Typical of today’s costly scientific endeavors, hundreds of scientists
from different fields are involved in designing and developing the LSST,
with Tyson as chief scientist. “It’s sort of like a federation,” said
Kirk Borne,
an astrophysicist and data scientist at George Mason University. The
group is comprised of nearly 700 astronomers, cosmologists, physicists,
engineers and data scientists.
Much of the scientists’ time and about one-half of the $1 billion cost
of the project are being spent on developing software rather than
hardware, reflecting the exponential growth of data since the astronomy
projects of the 1990s. For the telescope to be useful, the scientists
must answer a single question. As Borne put it: “How do you turn
petabytes of data into scientific knowledge?”
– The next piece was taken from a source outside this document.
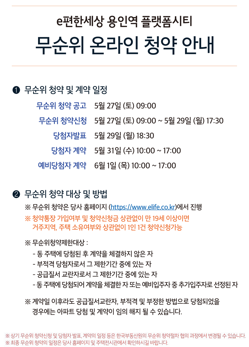 ◆ 이편한세상 용인역 플랫폼시티의 무순위(사후) 입주자모집공고일은 2023년 5월 27일(청약자 나이 등 청약자격조건 판단기준일.)이며, 무순위(사후) 입주자모집공고일 현재 국내에 거주하는 성년자 [만19세 이상인 자 또는 세대주인 미성년자(자녀양육, 형제자매부양)]에게 공급한다.

Physics has been grappling with huge databases longer than any other
field of science because of its reliance on high-energy machines and
enormous telescopes to probe beyond the known laws of nature. This has
given researchers a steady succession of models upon which to structure
and organize each next big project, in addition to providing a starter
kit of computational tools that must be modified for use with ever
larger and more complex data sets.
Even backed by this tradition, the LSST tests the limits of scientists’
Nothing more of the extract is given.